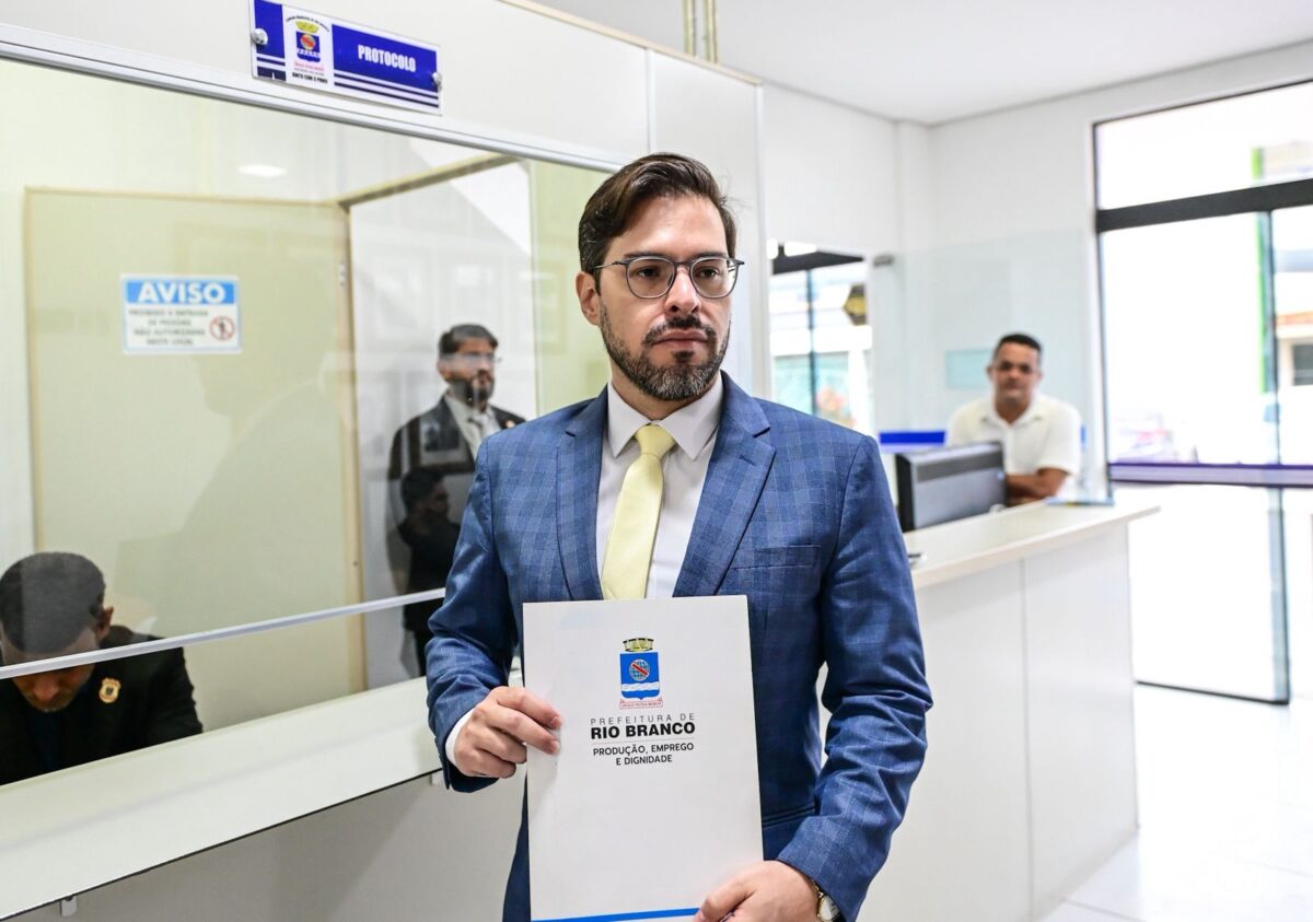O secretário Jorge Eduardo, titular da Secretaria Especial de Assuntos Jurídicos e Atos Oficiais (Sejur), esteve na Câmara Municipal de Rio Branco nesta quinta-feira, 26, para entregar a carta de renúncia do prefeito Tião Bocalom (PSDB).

-=-=-

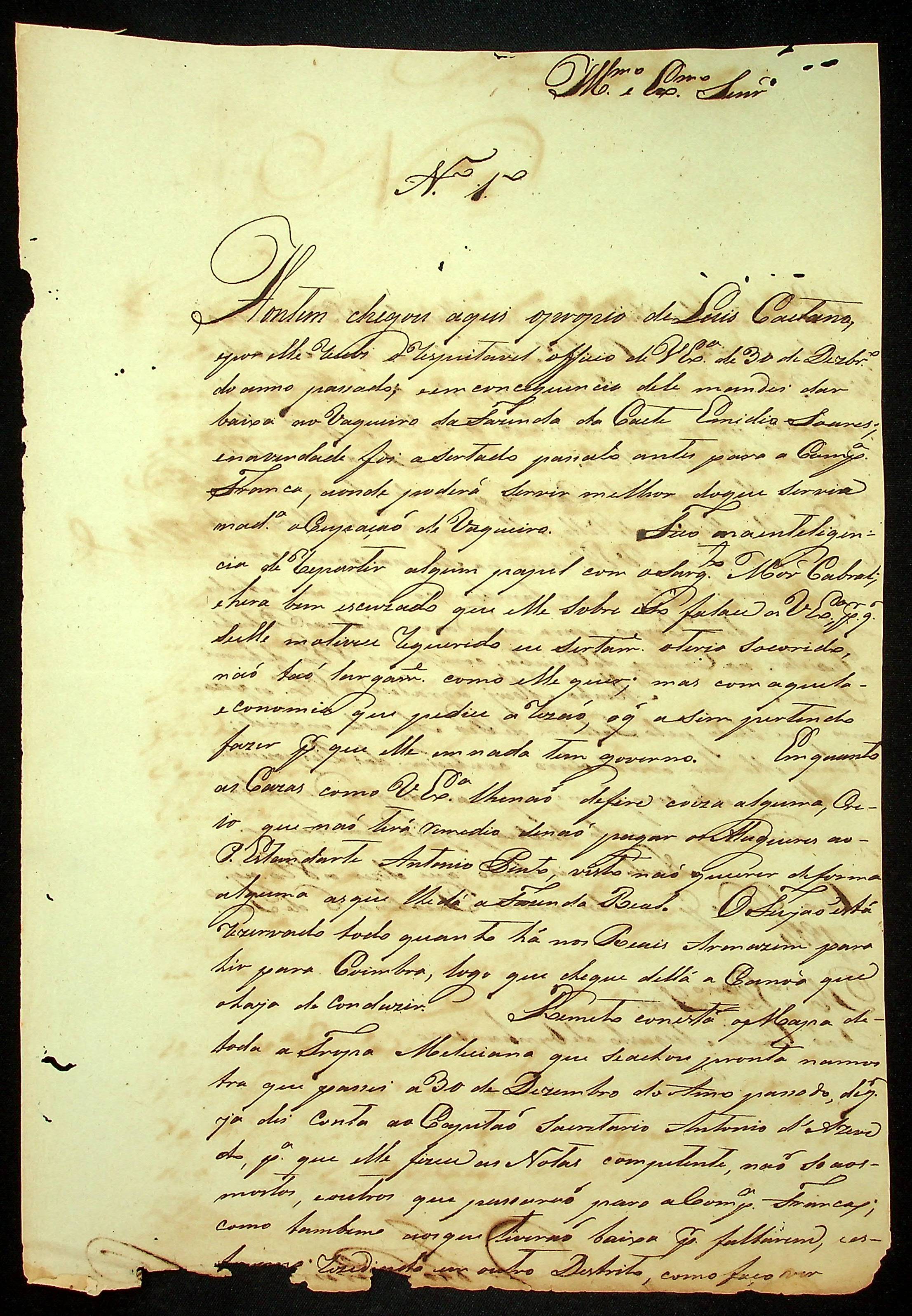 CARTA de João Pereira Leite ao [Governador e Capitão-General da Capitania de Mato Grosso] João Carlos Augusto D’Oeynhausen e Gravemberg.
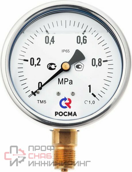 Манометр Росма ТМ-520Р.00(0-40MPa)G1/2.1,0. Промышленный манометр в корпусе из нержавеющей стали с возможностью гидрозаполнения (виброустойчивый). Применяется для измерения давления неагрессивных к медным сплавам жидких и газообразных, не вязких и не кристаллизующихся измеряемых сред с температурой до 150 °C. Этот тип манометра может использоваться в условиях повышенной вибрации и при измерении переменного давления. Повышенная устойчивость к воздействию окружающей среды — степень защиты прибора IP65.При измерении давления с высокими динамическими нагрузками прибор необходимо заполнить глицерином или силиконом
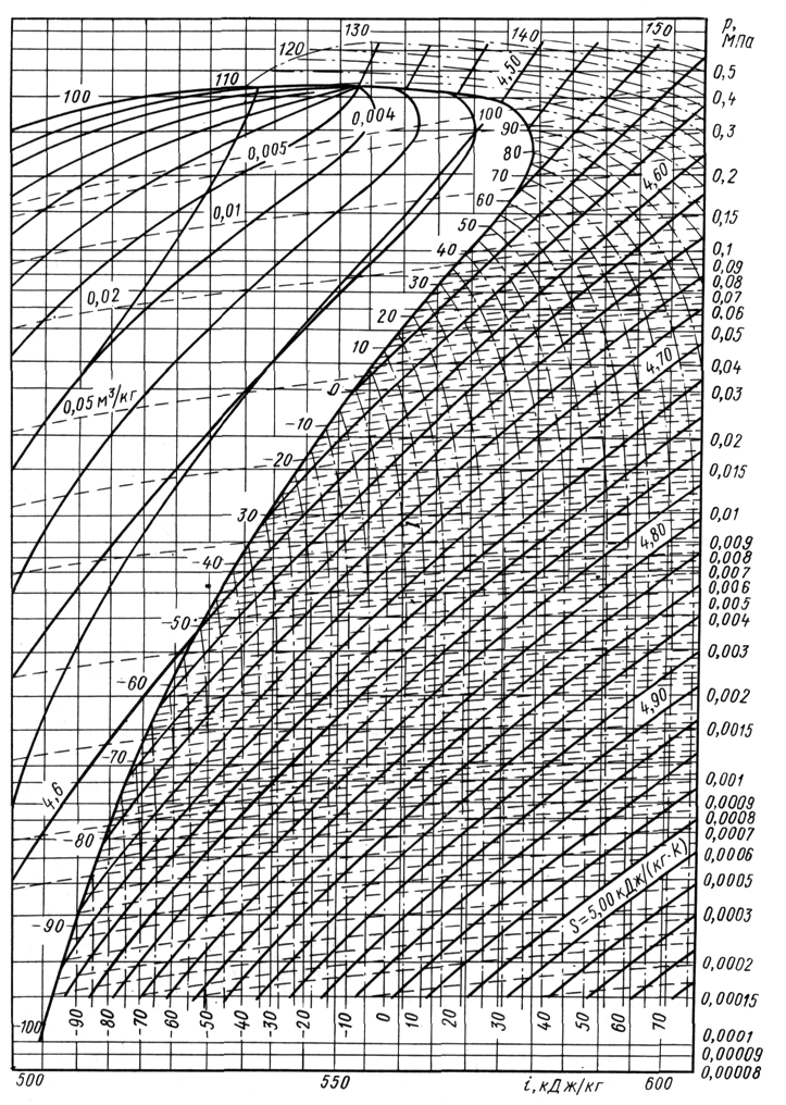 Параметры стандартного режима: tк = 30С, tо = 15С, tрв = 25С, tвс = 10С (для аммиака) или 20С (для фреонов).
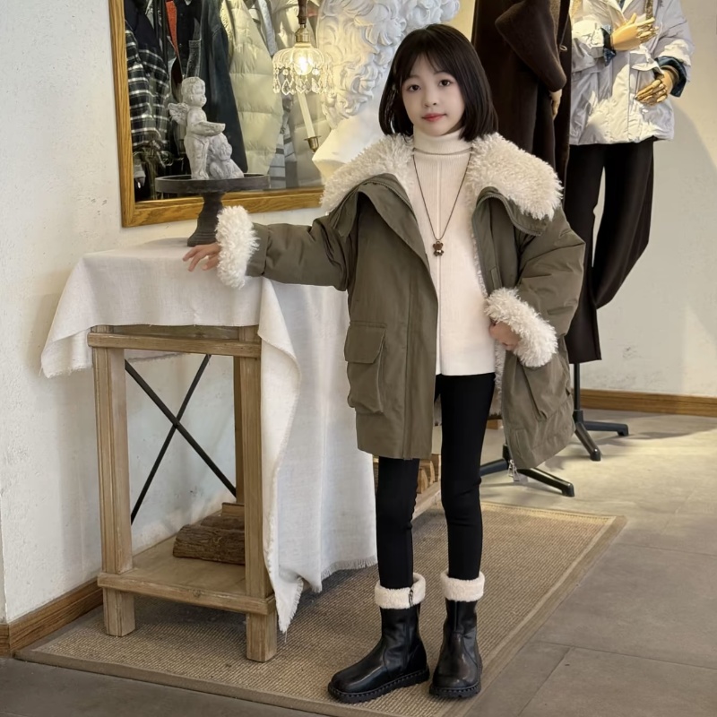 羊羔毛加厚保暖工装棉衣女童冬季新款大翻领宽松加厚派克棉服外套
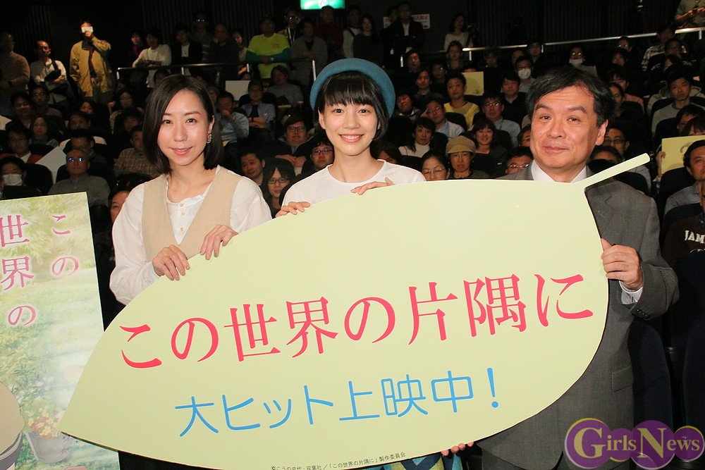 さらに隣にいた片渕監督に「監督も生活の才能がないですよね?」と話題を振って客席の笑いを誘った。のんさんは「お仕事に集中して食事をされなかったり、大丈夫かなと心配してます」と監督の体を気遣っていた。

-=-=-

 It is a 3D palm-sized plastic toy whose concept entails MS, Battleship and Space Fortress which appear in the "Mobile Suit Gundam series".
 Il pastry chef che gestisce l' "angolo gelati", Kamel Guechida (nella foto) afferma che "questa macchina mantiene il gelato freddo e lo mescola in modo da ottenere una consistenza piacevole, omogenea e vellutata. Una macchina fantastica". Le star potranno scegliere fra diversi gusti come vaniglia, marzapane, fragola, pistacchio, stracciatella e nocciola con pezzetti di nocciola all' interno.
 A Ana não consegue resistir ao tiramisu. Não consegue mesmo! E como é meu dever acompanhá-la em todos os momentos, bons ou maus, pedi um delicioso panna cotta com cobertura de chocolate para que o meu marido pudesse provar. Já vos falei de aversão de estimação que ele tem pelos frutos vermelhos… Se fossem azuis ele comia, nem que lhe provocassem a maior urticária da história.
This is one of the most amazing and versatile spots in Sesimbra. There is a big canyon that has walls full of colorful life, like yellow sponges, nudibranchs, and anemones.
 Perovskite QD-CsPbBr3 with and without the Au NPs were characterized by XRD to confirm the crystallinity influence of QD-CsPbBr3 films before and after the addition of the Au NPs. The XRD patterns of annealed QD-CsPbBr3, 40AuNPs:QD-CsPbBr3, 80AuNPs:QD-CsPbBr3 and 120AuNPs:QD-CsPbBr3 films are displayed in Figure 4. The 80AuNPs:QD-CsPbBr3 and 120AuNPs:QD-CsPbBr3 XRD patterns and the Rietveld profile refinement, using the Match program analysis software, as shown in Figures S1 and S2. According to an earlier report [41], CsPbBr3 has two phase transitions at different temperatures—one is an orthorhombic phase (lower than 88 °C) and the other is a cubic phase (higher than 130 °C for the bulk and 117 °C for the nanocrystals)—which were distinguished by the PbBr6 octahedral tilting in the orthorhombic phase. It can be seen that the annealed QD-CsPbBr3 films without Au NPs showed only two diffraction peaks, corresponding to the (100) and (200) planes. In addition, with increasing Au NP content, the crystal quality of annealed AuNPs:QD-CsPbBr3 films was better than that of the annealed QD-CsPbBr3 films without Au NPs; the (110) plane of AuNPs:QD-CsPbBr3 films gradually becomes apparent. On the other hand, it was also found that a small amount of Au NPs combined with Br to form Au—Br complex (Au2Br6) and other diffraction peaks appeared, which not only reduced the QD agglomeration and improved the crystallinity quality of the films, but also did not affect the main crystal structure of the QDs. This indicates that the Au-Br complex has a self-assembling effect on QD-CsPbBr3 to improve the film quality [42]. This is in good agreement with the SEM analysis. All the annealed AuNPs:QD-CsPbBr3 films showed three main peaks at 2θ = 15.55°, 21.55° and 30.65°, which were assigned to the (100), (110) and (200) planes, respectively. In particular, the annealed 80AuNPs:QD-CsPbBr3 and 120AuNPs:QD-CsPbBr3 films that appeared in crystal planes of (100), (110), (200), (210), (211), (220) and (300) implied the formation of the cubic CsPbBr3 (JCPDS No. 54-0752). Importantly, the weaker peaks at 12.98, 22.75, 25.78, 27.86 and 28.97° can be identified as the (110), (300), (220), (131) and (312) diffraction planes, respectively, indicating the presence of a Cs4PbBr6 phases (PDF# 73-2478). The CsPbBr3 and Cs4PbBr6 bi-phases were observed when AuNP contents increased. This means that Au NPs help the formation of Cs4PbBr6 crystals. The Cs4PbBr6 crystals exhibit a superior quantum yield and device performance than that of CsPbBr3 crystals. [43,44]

-=-=-

### [TASK TO COMPLETE]
Starting at the line containing "CARTA de João" and stopping at the line containing "さらに隣にいた片渕監督に「監", output each line exactly as it appears above. Leave out the pictures.

### [SOLUTION FOR THIS PROBLEM]
 CARTA de João Pereira Leite ao [Governador e Capitão-General da Capitania de Mato Grosso] João Carlos Augusto D’Oeynhausen e Gravemberg.
 Манометр Росма ТМ-520Р.00(0-40MPa)G1/2.1,0. Промышленный манометр в корпусе из нержавеющей стали с возможностью гидрозаполнения (виброустойчивый). Применяется для измерения давления неагрессивных к медным сплавам жидких и газообразных, не вязких и не кристаллизующихся измеряемых сред с температурой до 150 °C. Этот тип манометра может использоваться в условиях повышенной вибрации и при измерении переменного давления. Повышенная устойчивость к воздействию окружающей среды — степень защиты прибора IP65.При измерении давления с высокими динамическими нагрузками прибор необходимо заполнить глицерином или силиконом
 Параметры стандартного режима: tк = 30С, tо = 15С, tрв = 25С, tвс = 10С (для аммиака) или 20С (для фреонов).
 羊羔毛加厚保暖工装棉衣女童冬季新款大翻领宽松加厚派克棉服外套
 さらに隣にいた片渕監督に「監督も生活の才能がないですよね?」と話題を振って客席の笑いを誘った。のんさんは「お仕事に集中して食事をされなかったり、大丈夫かなと心配してます」と監督の体を気遣っていた。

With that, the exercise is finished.